Für notwendige Arbeiten im Vor- und Umfeld der Pflege werden der Caritas, der Diakonie, dem Mühlenhof, der Sozialstation Pflegepool etc. die Mittel um 1/3 gekürzt.

Besonders treffen die Kürzungen die Träger der Suchthilfe, auch wenn die Mittel jetzt nur um 5% statt um 10% gekürzt werden. Mit ihnen war (schon unter meiner aktiven Mitwirkung als grüner Kreisrat in der vorletzten Legislaturperiode) eine kontinuierliche und dauerhafte, an TVöD angelehnte Finanzierung vereinbart, die erst die Grundlage bietet für die Einstellung von qualifizierten Mitarbeitern. So wurde ein gutes Vertrauensverhältnis aufgebaut – dies wurde jetzt zerschlagen. Die Kürzungen werden unmittelbare Auswirkungen auf die Betreuung der Betroffenen haben, wobei zu erwarten ist, dass die Anzahl der Betroffenen eher ansteigt als sinkt.

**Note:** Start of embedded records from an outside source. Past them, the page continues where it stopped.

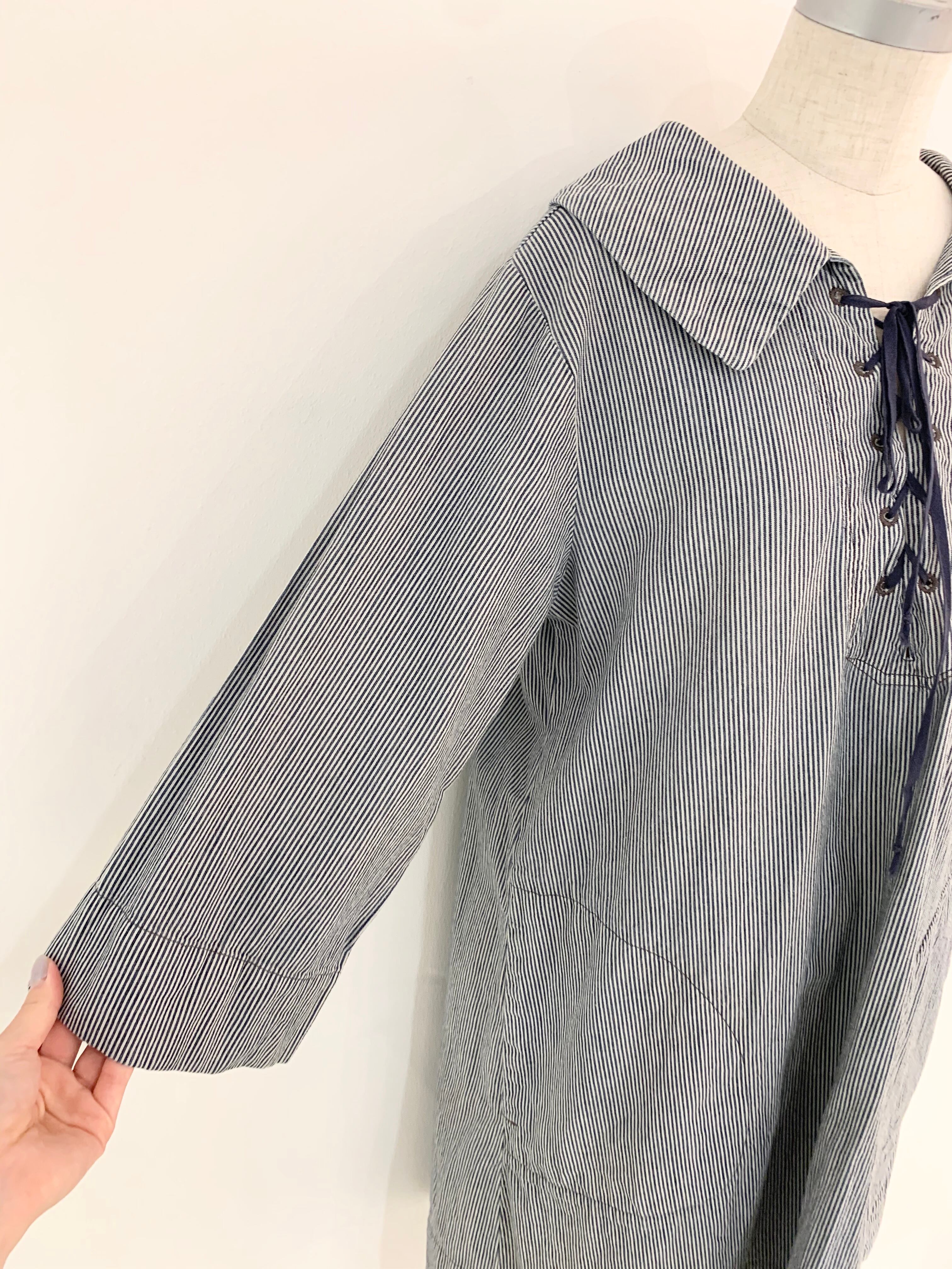 ralphlauren/cotton/レースアップブラウス/blouse/ラルフローレン/Stripe/ストライプ柄/七分袖/サイズS
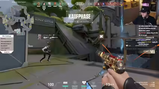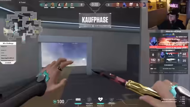 08:38:40Während der Valorant-Runde versuchen die Teilnehmer, taktische Manöver zu entwickeln, um die Gegner zu besiegen. Sie diskutieren über die Positionierung der Spieler und die Verwendung von speziellen Fähigkeiten wie Smokes. Es kommt zu kleineren Missverständnissen, jedoch gelingt es ihnen, mehrere Runden für sich zu entscheiden. Die Teilnehmer ermutigen sich gegenseitig und feiern kleine Erfolge während des Spiels.
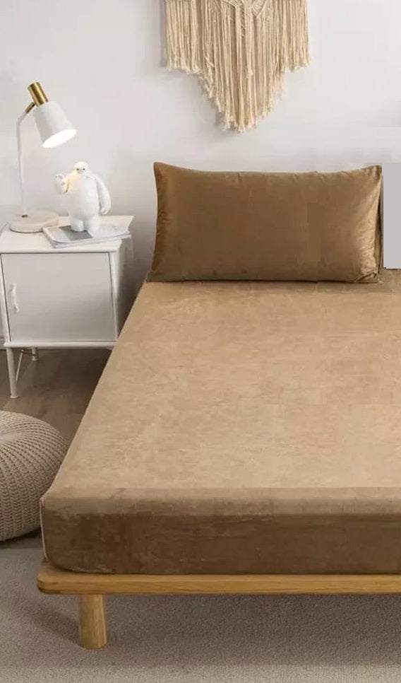 Velvet Fitted Bedsheets- Light Brown (Skin)

Da fragt man sich: Wofür braucht es eine SPD, wenn sie solchen Beschlüssen zustimmt? Was bewirken Einsparungen von 600.000 € bei einem Gesamthaushalt von 300 Millionen, bei dem viele Punkte unsicher sind – und ob nun am Ende ein Minus von 2,4 oder 3 Millionen steht, ist auch nicht mehr ausschlaggebend, vor allem weil der Kreis durch den Neubau des Klinikums eh bald in der Höhe eines Jahreshaushaltes verschuldet sein wird.

3 Antworten auf „Die verlogene Solidarität der SPD und ein Tumult im Kreistag“

  1. Haben Sie vielen herzlichen Dank das Sie sich so für uns unsere Freiheit Demokratie einsetzen!!

    Ich hab sie schon oft auf Rieden gehört und bin auch in der Eltern stehen auf Gruppe!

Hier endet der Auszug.